_What you have to do_: All entries are to be transcribed exactly. Pictures are not part of the copy.

☆ ☆ ☆

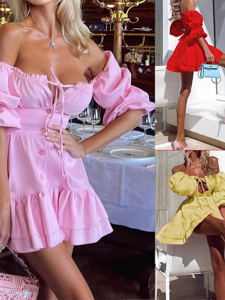 Fresh Sweet Fashionable Slim Flower Print Round Neck Midi Dresses
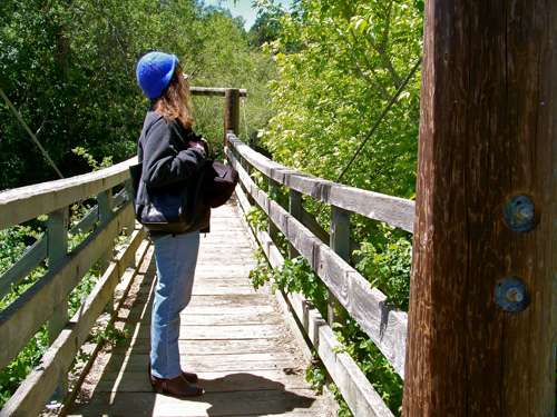 As Lynn observes, Marin County Parks and Open Space Department periodically cuts back the poison oak that protrudes through the railing of the White House Pool footbridge. A member of the department staff on Monday told us the frequency of cutting depends on what staff observe and what the public reports to the county.
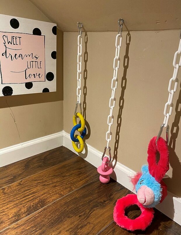 Na zdi visely hračky.
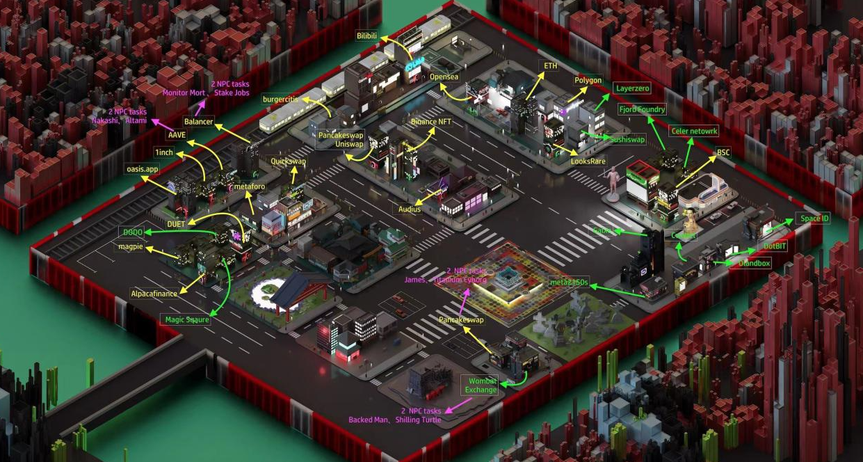 Вконце прикреплю карту где расположены здания с названиями проектов для ариентирования.Подбегаете каждые 15 мин к зданию и лутаете баксы и т.д
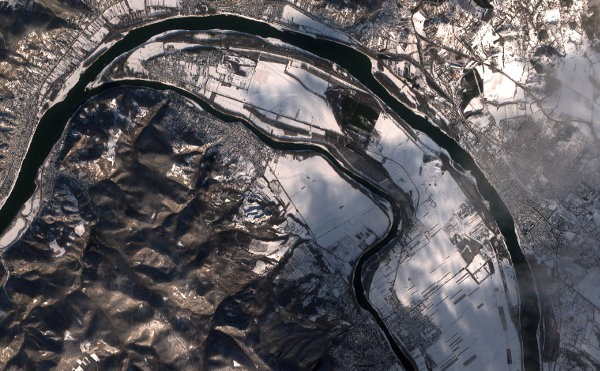 Az európai Sentinel-2A műhold felvételein mutatjuk be a Dunakanyart és Budapest környékét a januári jégzajlás idején.
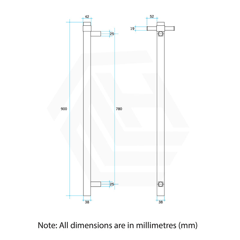Please Note: Specifications are for information purposes only. Whilst every effort has been made to ensure the product specifications are accurate, due to continuing product development and improvement the specifications are subject to change. Specifications can be used to rough in and fit timber supports in the wall however we recommend no holes are drilled without having the product on site or verifying the details with the manufacturer.
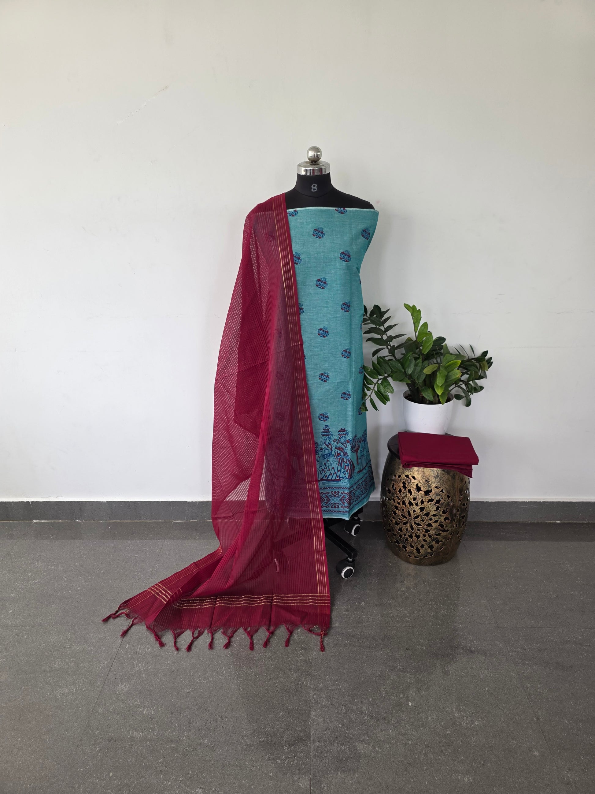 This set features a pure handloom cotton top adorned with traditional Warli prints, paired with a cotton bottom. The ensemble is completed by a pure cotton dupatta, enhanced with an elegant zari border and delicate tassels.
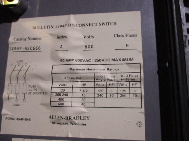 Allen Bradley via TCS 1494FASC666 Ser. A NSNP 1494F ASC666
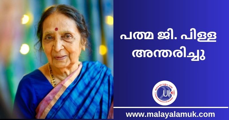 കാഞ്ഞിരപ്പള്ളി ∙പങ്ങപ്പാട്ട് പരേതനായ പ്രഫ. പി.ആർ. ഗോപാലകൃഷ്ണപിള്ളയുടെ ഭാര്യ പത്മ ജി. പിള്ള (85) അന്തരിച്ചു. തിങ്കൾ രാവിലെ 9 ന് വീട്ടിൽ എത്തിച്ച് 2 മണിക്ക് വീട്ടുവളപ്പിൽ സംസ്കാരം. കോഴിക്കോട് വെള്ളാവൂർ നെരമണ്ണിൽ കുടുംബാംഗമാണ്. പൊൻകുന്നം ഗവ. ഹൈസ്കൂൾ, കാഞ്ഞിരപ്പള്ളി കുന്നുംഭാഗം ഗവ. ഹൈസ്കൂൾ എന്നിവിടങ്ങളിൽ അധ്യാപികയായിരുന്നു. മക്കൾ: സുചിത്ര, ശ്രീജിത്ത്, സ്വപ്ന, ശ്രീകാന്ത് പങ്ങപ്പാട്ട്. മരുമക്കൾ: തൊടുപുഴ തയ്യിൽ ടി.എൻ. അജിത് കുമാർ (റിട്ട. എയർ വൈസ് മാർഷൽ), ആലുവ ഗോപീപത്മത്തിൽ രേഖ ശ്രീജിത്ത് (എൻജിനീയർ) , തൊടുപുഴ എടാട്ട് സുധീന്ദ്രനാഥ് (റിട്ട. എക്സിക്യൂട്ടീവ് ഡയറക്ടർ, ഹിന്ദുസ്ഥാൻ പെട്രോളിയം), ചോറ്റി കവിതാ നിവാസിൽ കവിത ശ്രീകാന്ത് ( എൻജിനീയർ).
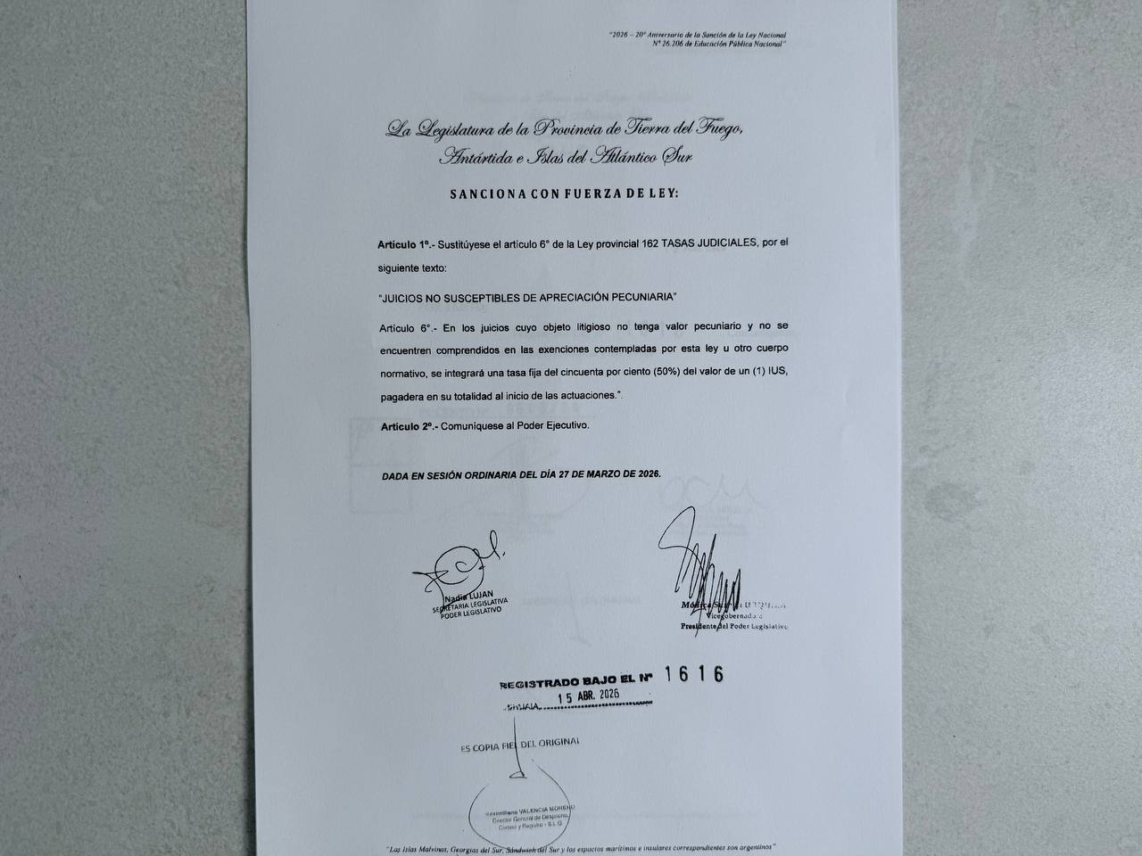 Con la firma del Gobernador Gustavo Melella, mediante el decreto Nº 0649/26 fue promulgada el 15 de abril la Ley Nº 1616/26 que modifica la ley Nº 162 de Tasas Judiciales.
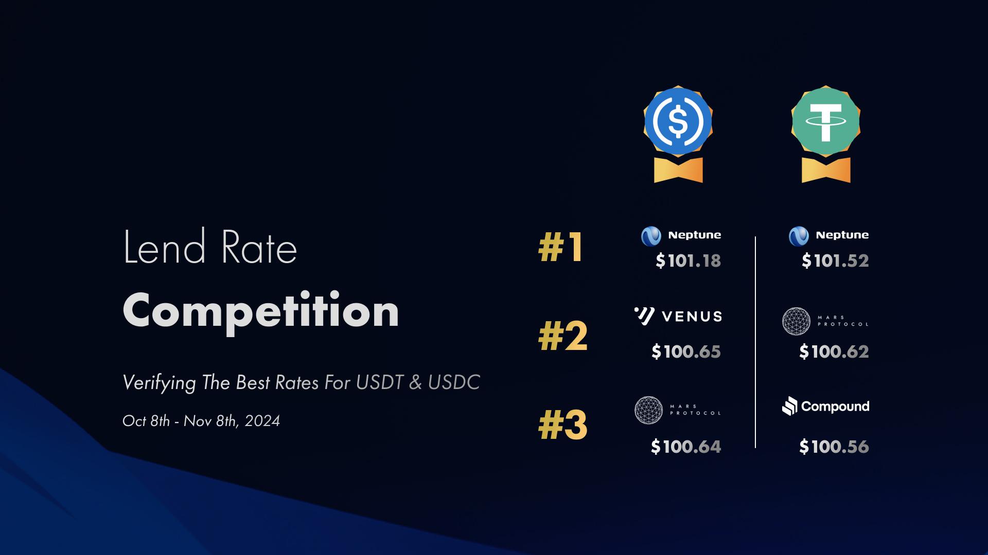 Last month, 100 USDC and 100 USDT each were deposited into 10 platforms including Neptune, and other competitors. The competition study is aimed to determine the performance and user value of the top 10 DeFi lending platforms and can be tracked in real-time on Pulsar: https://app.pulsar.finance/portfolio
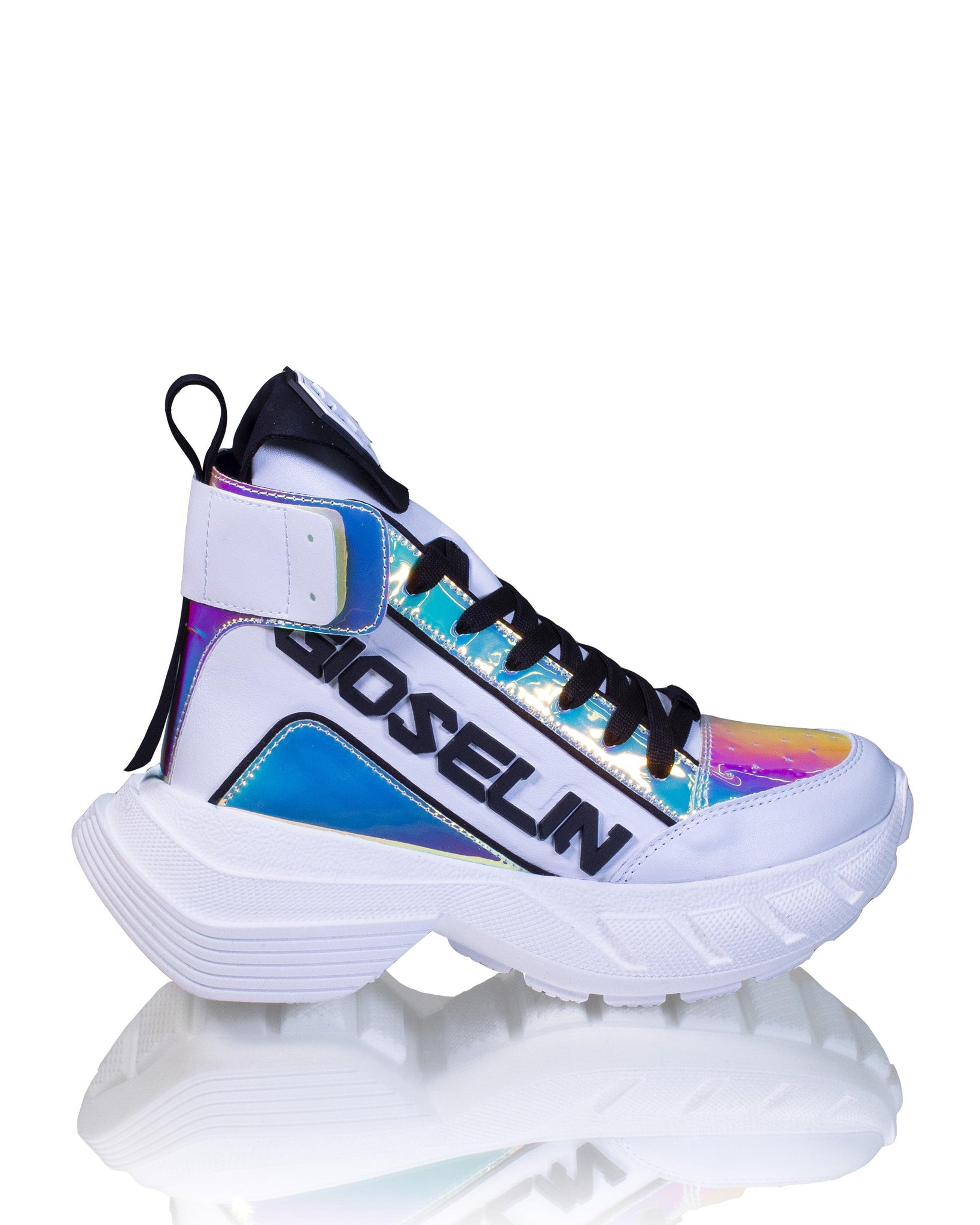 Sneakers mit schillernden Details sind die ideale Wahl für alle, die einen Hauch von Helligkeit in ihrem Stil suchen. Diese Sneaker zeichnen sich durch ein hohes Profil aus, das Ihrem Look einen Hauch von Eleganz verleiht. Das Modell ist geschnürt und sorgt den ganzen Tag über für einen sicheren und bequemen Sitz. Die schillernden Kontrastpaneele verleihen dem Design einen Hauch von Originalität und fangen das Licht auf faszinierende Weise ein.

☆ ☆ ☆

_Task output_:
 Fresh Sweet Fashionable Slim Flower Print Round Neck Midi Dresses
 As Lynn observes, Marin County Parks and Open Space Department periodically cuts back the poison oak that protrudes through the railing of the White House Pool footbridge. A member of the department staff on Monday told us the frequency of cutting depends on what staff observe and what the public reports to the county.
 Na zdi visely hračky.
 Вконце прикреплю карту где расположены здания с названиями проектов для ариентирования.Подбегаете каждые 15 мин к зданию и лутаете баксы и т.д
 Az európai Sentinel-2A műhold felvételein mutatjuk be a Dunakanyart és Budapest környékét a januári jégzajlás idején.
Please Note: Specifications are for information purposes only. Whilst every effort has been made to ensure the product specifications are accurate, due to continuing product development and improvement the specifications are subject to change. Specifications can be used to rough in and fit timber supports in the wall however we recommend no holes are drilled without having the product on site or verifying the details with the manufacturer.
 This set features a pure handloom cotton top adorned with traditional Warli prints, paired with a cotton bottom. The ensemble is completed by a pure cotton dupatta, enhanced with an elegant zari border and delicate tassels.
 Allen Bradley via TCS 1494FASC666 Ser. A NSNP 1494F ASC666
 കാഞ്ഞിരപ്പള്ളി ∙പങ്ങപ്പാട്ട് പരേതനായ പ്രഫ. പി.ആർ. ഗോപാലകൃഷ്ണപിള്ളയുടെ ഭാര്യ പത്മ ജി. പിള്ള (85) അന്തരിച്ചു. തിങ്കൾ രാവിലെ 9 ന് വീട്ടിൽ എത്തിച്ച് 2 മണിക്ക് വീട്ടുവളപ്പിൽ സംസ്കാരം. കോഴിക്കോട് വെള്ളാവൂർ നെരമണ്ണിൽ കുടുംബാംഗമാണ്. പൊൻകുന്നം ഗവ. ഹൈസ്കൂൾ, കാഞ്ഞിരപ്പള്ളി കുന്നുംഭാഗം ഗവ. ഹൈസ്കൂൾ എന്നിവിടങ്ങളിൽ അധ്യാപികയായിരുന്നു. മക്കൾ: സുചിത്ര, ശ്രീജിത്ത്, സ്വപ്ന, ശ്രീകാന്ത് പങ്ങപ്പാട്ട്. മരുമക്കൾ: തൊടുപുഴ തയ്യിൽ ടി.എൻ. അജിത് കുമാർ (റിട്ട. എയർ വൈസ് മാർഷൽ), ആലുവ ഗോപീപത്മത്തിൽ രേഖ ശ്രീജിത്ത് (എൻജിനീയർ) , തൊടുപുഴ എടാട്ട് സുധീന്ദ്രനാഥ് (റിട്ട. എക്സിക്യൂട്ടീവ് ഡയറക്ടർ, ഹിന്ദുസ്ഥാൻ പെട്രോളിയം), ചോറ്റി കവിതാ നിവാസിൽ കവിത ശ്രീകാന്ത് ( എൻജിനീയർ).
 Con la firma del Gobernador Gustavo Melella, mediante el decreto Nº 0649/26 fue promulgada el 15 de abril la Ley Nº 1616/26 que modifica la ley Nº 162 de Tasas Judiciales.
 Last month, 100 USDC and 100 USDT each were deposited into 10 platforms including Neptune, and other competitors. The competition study is aimed to determine the performance and user value of the top 10 DeFi lending platforms and can be tracked in real-time on Pulsar: https://app.pulsar.finance/portfolio
 Sneakers mit schillernden Details sind die ideale Wahl für alle, die einen Hauch von Helligkeit in ihrem Stil suchen. Diese Sneaker zeichnen sich durch ein hohes Profil aus, das Ihrem Look einen Hauch von Eleganz verleiht. Das Modell ist geschnürt und sorgt den ganzen Tag über für einen sicheren und bequemen Sitz. Die schillernden Kontrastpaneele verleihen dem Design einen Hauch von Originalität und fangen das Licht auf faszinierende Weise ein.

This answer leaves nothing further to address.